Дорогие форумчане! 26 ноября будем отмечать 10-и летие вокальной студии эстрадной песни  "Метро"и юбилей творческой деятельности его руководителя.Сложности с названием мероприятия и режиссерским замыслом.Название не можем придумать , чтоб и о песне и о душе или что-то в этом роде.Не хочется просто концерт. чтоб какой-то ход режиссерский был.. А времени нет.Афиши уже заказывать надо- а с названием не определились.Может у еого есть какие-нибудь мысли или идеи.Пожалуйста-подкиньте.Спасибо заранее!!!

----------


## Ингуша

Хочу поблагодарить за темку!Спасибо огромное!Тема очень нужная!И конечно же,обращаюсь за помощью! В конце года наш театр,который имеет звание народного ,будет праздновать свой юбилей - 100 лет.Требуют от нас грандиозный праздник! В проекте ,пока только неделя до.......показ последних пьес.Хотим пригласить "ветеранов театра" на праздник (грамоты,подарки)И все,идеи отсутствуют......:(   Пожалуйста,если у кого нибудь есть подобный опыт проведения,может сценарий, организационные идеи.....приму с огромной благодарностью.
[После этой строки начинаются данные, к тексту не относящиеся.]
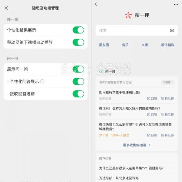 目前“问一问功能的展示开关”仅在iOS版微信上出现,安卓版微信中暂未发现。

Очень надеюсь!Спасибо!

----------


## гунька

*Ингуша*,



> Требуют от нас грандиозный праздник!


насчет грандиозного надо, конечно, думать....но вот пока такие стихи, может, куда-то вставишь.
Места заполняются в зрительном зале,

До зрелищ охотник повсюду найдется.

Обычная вешалка в самом начале,

А дальше – то чудо, что театром зовется.

 Распахнутый занавес сцену откроет,

Проступит из тьмы лабиринт декораций,

И жизнь обретут персонажи, герои,

В которых актеры начнут воплощаться.

 А зал увлеченно следит за сюжетом,

Взрывается смехом и молкнет в печали.

И все понимают – игра лишь все это,

Ведь в жизни в такие же игры играли.

 На сцене реальное действо вершится,

Оно – результат ежедневных стараний,

Итог напряженных трудов, репетиций,

Актерских идей, режиссерских исканий.

 Шедевры на сцене рождаются в муках.

Ведь нужно суметь увязать воедино

Костюм, реквизит с освещением, звуком,

Явления, действия, акты, картины…

 И сумрачный глас режиссера: «Не верю!»

С единственной целью всегда раздается,

Чтоб зритель, войдя в театральные двери,

Поверил во все, что увидеть придется.

Симпатий огонь будет не угасаем.

Зажжется однажды, чтоб впредь разгораться.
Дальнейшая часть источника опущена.